Larry Guth's *Sponge Problem* asks: Does there exist a constant $\epsilon=\epsilon_n$ such that every open subset $U\subset \mathbb{R}^n$ satisfying $vol(U)< \epsilon_n$ admits an expanding embedding $f: U\hookrightarrow D^n$? 

Recall $f$ is expanding embedding iff the symmetric matrix ${}^tDf\cdot Df$ has all eigenvalues $\geq 1$. Equivalently iff $||D_xf(v)||\geq ||v||$ for every $x\in U$ and tangent vector $v\in T_x U$. Equivalently iff $f$ increases the length of all curves in $U$.
 
My previous best estimate $\epsilon_n^*$ for $\epsilon_n$ comes from obvious example of two disks $D_1, D_2$ of radius $1/2$ kissing, which disks $U:=D_1\cup D_2$ cannot be properly expanded embedded into $D$. (The two kissing disks *barely* embed into $D$). 

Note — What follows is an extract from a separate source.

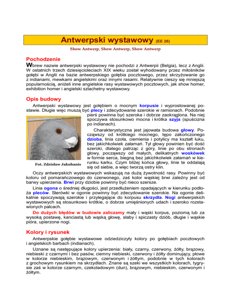 Antwerpski wystawowy (EE 26) Show Antwerp, Show Antwerp, Show Antwerp Pochodzenie Wbrew nazwie antwerpski wystawowy nie pochodzi z Antwerpii (Belgia), lecz z Anglii. W ostatnich trzech dziesięcioleciach XIX wieku został wyhodowany przez miłośników gołębi w Anglii na bazie antwerpskiego gołębia pocztowego, przez skrzyŜowanie go z indianami, mewkami angielskimi oraz innymi rasami. Relatywnie cieszy się mniejszą popularnością, aniŜeli inne angielskie rasy wystawowych pocztowych, jak show homer, exhibition homer i angielski szlachetny wystawowy. Opis budowy Antwerpski wystawowy jest gołębiem o mocnym korpusie i wyprostowanej postawie. Długie więc muszą być plecy i zdecydowanie szerokie w ramionach. Podobnie pierś powinna być szeroka i dobrze zaokrąglona. Na niej spoczywa stosunkowo mocna i krótka szyja (spuścizna po indianach). Charakterystyczna jest jajowata budowa głowy. Począwszy od krótkiego mocnego, tępo zakończonego dzioba, linia czoła, ciemienia i potylicy ma kształt łuku, bez jakichkolwiek załamań. Tył głowy powinien być dość szeroki, dlatego patrząc z góry, linie po obu stronach głowy, począwszy od małych, delikatnych woskówek w formie serca, biegną bez jakichkolwiek załamań w kierunku karku. Czym bliŜej końca głowy, linie te oddalają Fot. Zdzisław Jakubanis się od siebie, a więc tworzą ostry klin. Oczy antwerpskich wystawowych wskazują na duŜą Ŝywotność rasy. Powinny być koloru od pomarańczowego do czerwonego, zaś kolor wąskiej brwi zaleŜny jest od barwy upierzenia. Brwi przy dziobie powinny być nieco szersze. Linia ogona o średniej długości, jest przedłuŜeniem opadających w kierunku podłoŜa pleców. Sterówki w ogonie powinny być zdecydowanie szerokie. Na ogonie delikatnie spoczywają szerokie i przylegające do korpusu skrzydła. Nogi antwerpskich wystawowych są stosunkowo krótkie, o dobrze umięśnionych udach i szeroko rozstawionych palcach. Do duŜych błędów w budowie zaliczamy mały i wąski korpus, poziomą lub za wysoką postawę, kanciastą lub wąską głowę, słaby i spiczasty dziób, długie i wąskie pióra, upierzone nogi. Kolory i rysunek Antwerpskie gołębie wystawowe odziedziczyły kolory po gołębiach pocztowych i angielskich barbach (indianach). Uznane są następujące kolory upierzenia: biały, czarny, czerwony, Ŝółty, brązowy, niebieski z czarnymi i bez pasów, ciemny niebieski, czerwony i Ŝółty dominujący, płowe w kolorze niebieskim, brązowym, czerwonym i Ŝółtym, podobnie w tych kolorach z grochowym rysunkiem na skrzydłach. Znane są szeki we wszystkich kolorach, tygrysie zaś w kolorze czarnym, czekoladowym (dun), brązowym, niebieskim, czerwonym i Ŝółtym. Antwerpski wystawowy Fot. Zdzisław Jakubanis Wzorzec antwerpskiego wystawowego wymaga, aby kolory były czyste, pasy na skrzydłach wyraźne, a rysunek na skrzydłach u grochowych równomiernie rozłoŜony. Rysunek u szeków i tygrysich powinien być moŜliwie wyraźny i powinna być zachowana proporcja barw. Uwagi dotyczące hodowli Hodowla antwerpskich wystawowych nie jest tak łatwa jak innych wystawowych gołębi pochodzenia angielskiego, a to ze względu na dość mocno skrócony dziób. Potrafią jednak wykarmić swoje młode, jeśli dostarczy się im odpowiednie ziarno. Obecnie antwerpskie wystawowe hoduje się głównie w wolierach. Zatraciły one juŜ dawno dobrą orientację w terenie. W pobliŜu gołębnika fruwają jednak dość Ŝwawo i gotowe są nawet Ŝerować na polach. Prawie zawsze odnajdują drogę do gołębnika. Obrączka numer 11. Manfred Uglorz

The remarks of @Balarka Sen in comments yield the following improvement. Let $A$ be an Apollonian packing of $U$ which has minimal volume. Then we estimate $\epsilon^*_n$ as the minimal volume of an Apollonian packing of two kissing disks of radius $1/2$. This yields $$\epsilon^*_n<2 \cdot \text{Vol}(D(0,1/2))=\frac{\pi^{n/2}}{2^{n-1} \cdot\Gamma(n/2+1)},$$
where $D(0,1/2)$ is the $n$-ball of radius $1/2$.

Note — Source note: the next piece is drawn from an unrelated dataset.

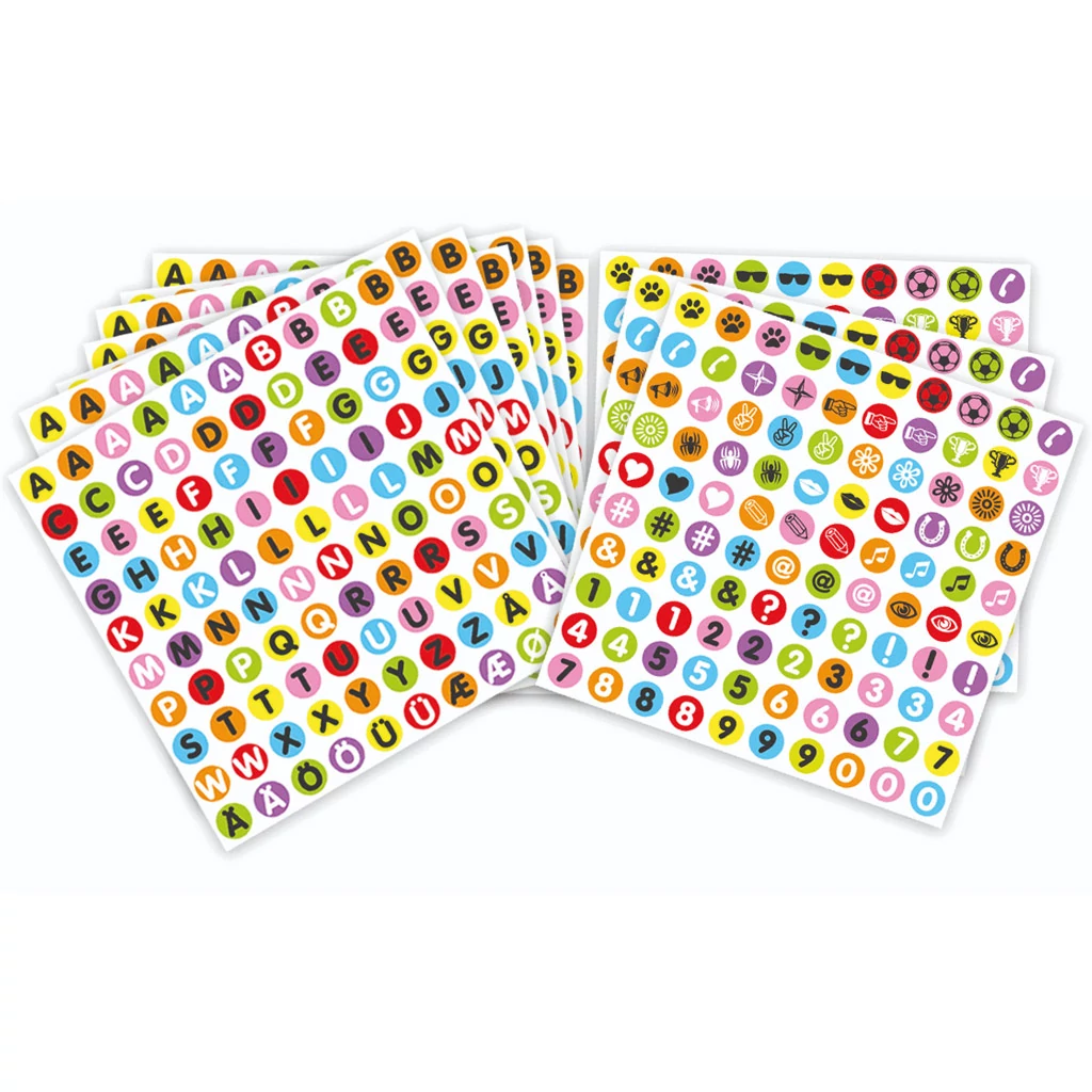A betűs és számos matrica szettben 10 lapnyi, összesen 1000 darab matrica található. Ezek a matricák különféle betűket, számokat és szimbólumokat tartalmaznak, melyek számos különböző színben pompáznak.

I've been interested in Sponge problem for a few years, and for all that time I've yet to improve on the estimate $\epsilon^*_n = \epsilon_n$. (Although replacing $U$ with an Apollonian packing $A$ of minimal volume is new idea I learned from the comments). 

**Question**: Is anybody aware of any progress in Guth's Sponge Problem, or candidate open sets $U\subset \mathbb{R}^n$ with $vol(U)<\epsilon_n^*$ which cannot be expanded embedded into $D$?